In actuality, I don’t feel that I ever was female, and I don’t think that most things have anything whatsoever to do with my transness.  But as soon as most cis people are made aware that my birth assignment isn’t what they had expected, they relate pretty much everything back to my being trans.  Learning “the truth” tends to bring them further away from really understanding and respecting me than they would’ve been had they not found out.

When I enrolled in school back in September, I enrolled without disclosing my history to anyone.
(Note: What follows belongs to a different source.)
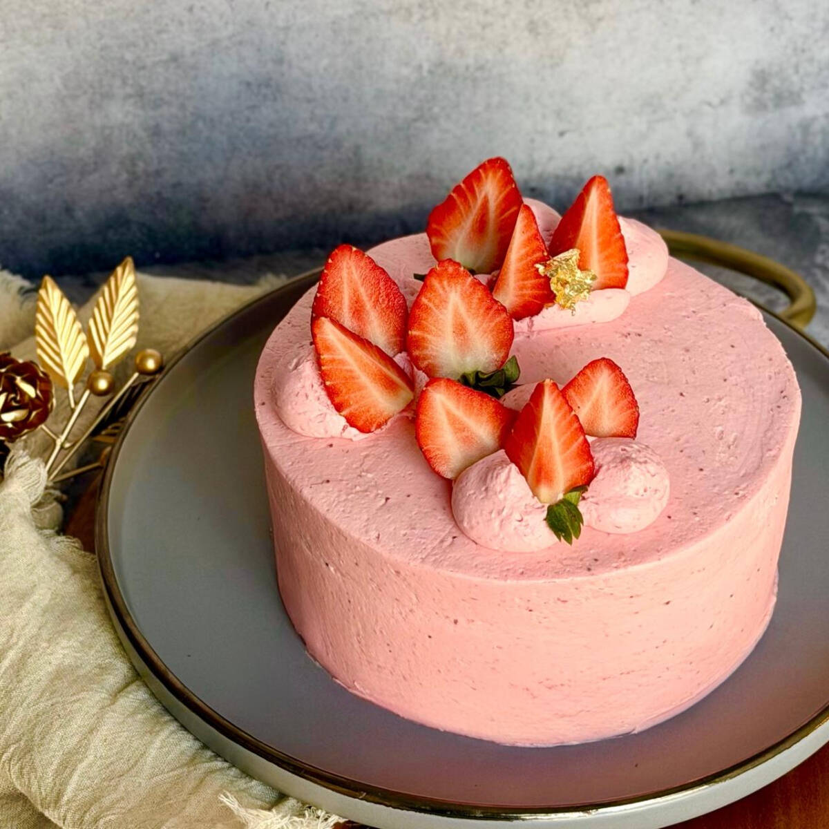 Bizcocho suave y húmedo a base de fresa natural y mantequilla, relleno de compota de fresa, betún de queso crema y fresas liofilizadas, decorado con fresas frescas.

It hasn’t come up, and it hasn’t felt relevant to bring it up.  Sure, there are lots of opportunities to tell people.  I just don’t see a reason to.  I get plenty of chances to talk about being a survivor of family violence, too, but that’s hardly ever relevant, either.  People can get to know me professionally and personally without ever knowing many intimate details of my life.  They might be surprised if they learn some of those things later on, but people are always finding out what happens when they make assumptions about other people’s experiences.

Not so very long ago, I thought that it’d be dishonest for me to interact closely with someone and not disclose–that I’d be hiding something, or lying about my past or present.  Instead, I feel like I’m being seen for who I am, without other people’s misconceptions about gender or transition getting in my way, for the first time in my life.  It feels great.
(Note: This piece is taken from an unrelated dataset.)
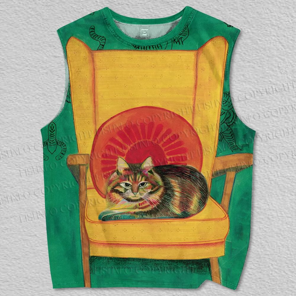 Unisex Vintage Cat On Chair Printed Tank Top

As my life has gotten busier, my involvement in local and online trans community is taking a backseat to other considerations.  I don’t know to what extent I’ll be “out” or “stealth” in the future, but I suspect I will always keep my medical history private at work in school.  At this point, most of my close friends know my history, but I can’t even remember the last time I disclosed to a cis person outside of an activism setting (actually, it was probably when I corrected my Social Security information).  If this trend continues, I might eventually find myself almost completely stealth.  It’s still not something I’m particularly looking for, but I’m certainly not opposed.